Interviews

Data breach survey

by Mark Rowe

More than four in ten, 44 percent of security people would rather have root canal surgery than make the ‘walk of shame’ to the boardroom to explain that they’ve suffered a data breach. That’s according to a survey of 326 information security visitors to the Infosecurity Europe 2017 conference, from June 6 to 8, at Olympia in London, by a malware product company, Lastline.

Brian Laing, Senior VP of Products at Lastline said: “The fact that nearly half of cyber security professionals would prefer to undergo a painful dental procedure than face their board about a data breach just shows how seriously these attacks affect organisations today. On a more positive note, it does show that cyber security has risen up the board’s agenda,” he added.

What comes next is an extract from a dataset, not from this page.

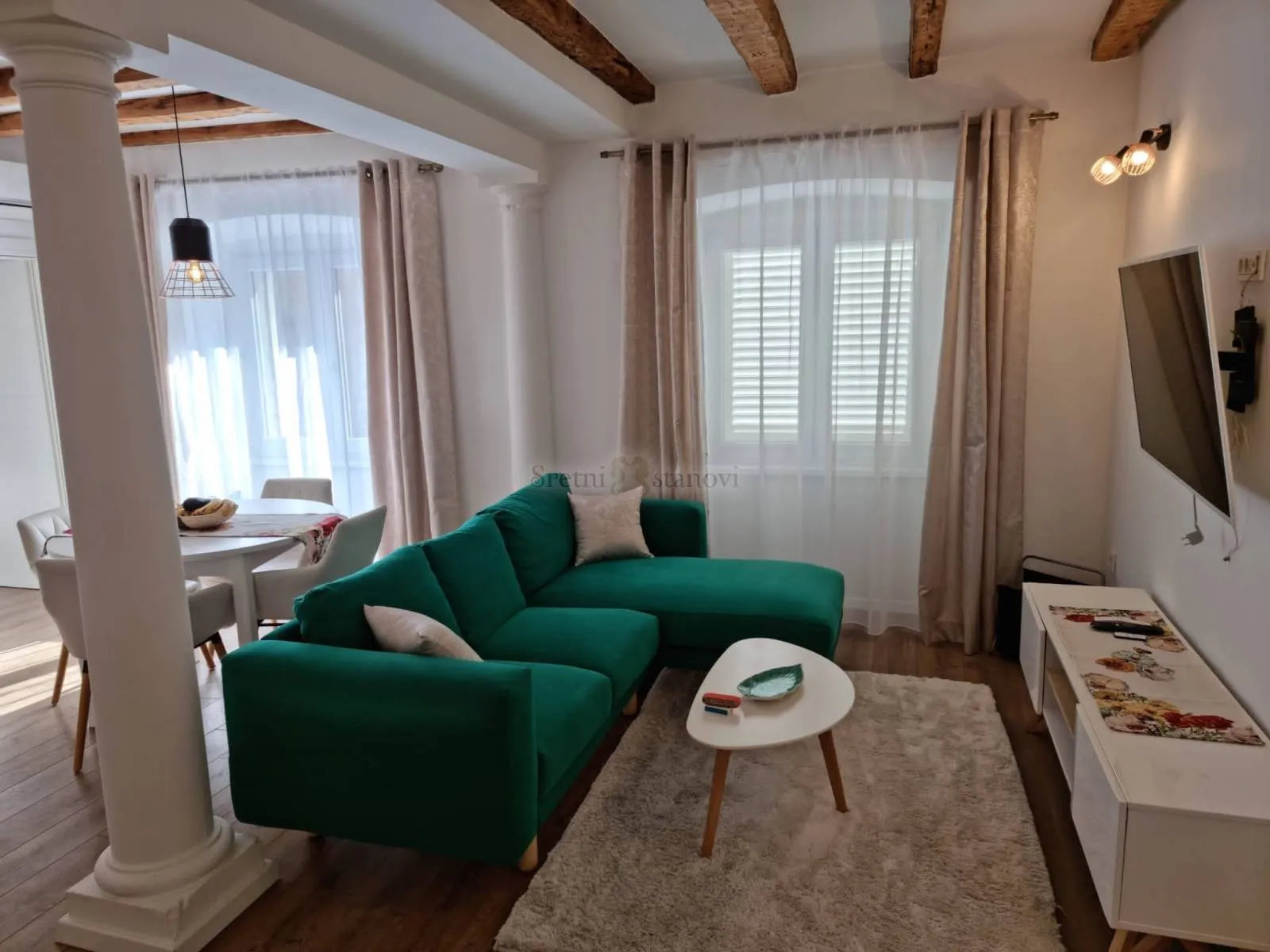 Prekrasno uređen, namješten i u cijelosti opremljen stan u strogom centru grada. Odmah uz Korzo, pored gradske ure, blizu nekoiko garaža. Sastoji se od dvije spavaće sobe, kuhinje s blagovaonom i izdvojenog diskretnog dnevnog dijela, kupaone i hodnika. U stanu su svi uređaji TV, perilica rublja, sušilica, perilica sudja, kao i aparati za kavu, mikrovalna i komplet pribor /suđe za jelo i kuhanje. Sa novom vanjskom i nutarnjom stolarijom, kvaitetnim podnim oblogama i namještajem pruža ugodan boravak Najmoprimcu. Grijanje na klima uređaj i nordijske radijatore. Vrlo osebujan i ugodan stan. Internet je aktivan. Manuela 099 282 7750 ID KOD AGENCIJE: 7328 Manuela Jović Mob: 099 451 2330 Tel: 051/301-502 E-mail: nela@sretnistanovi.hr www.sretnistanovi.hr

As the IT security product firm says, this follows a year of unprecedented data loss by organisations at the hands of cybercriminals, including the biggest data breach ever recorded, whereby the user account information of about one billion Yahoo! users was posted for sale on the ‘dark web’.

Laing said: “It is right to dread a data breach. It isn’t simply the breach itself that can be so damaging for both organisations and consumers, but the further criminality it facilitates. Every breach reveals data that criminals can use to launch additional attacks, either by the initial attackers or other criminals to whom they sell the compromised data. They merge data from multiple sources, building dossiers on potential victims, including spear phishing targets inside corporations. Data breaches provide a distribution hub for malware for years to come.”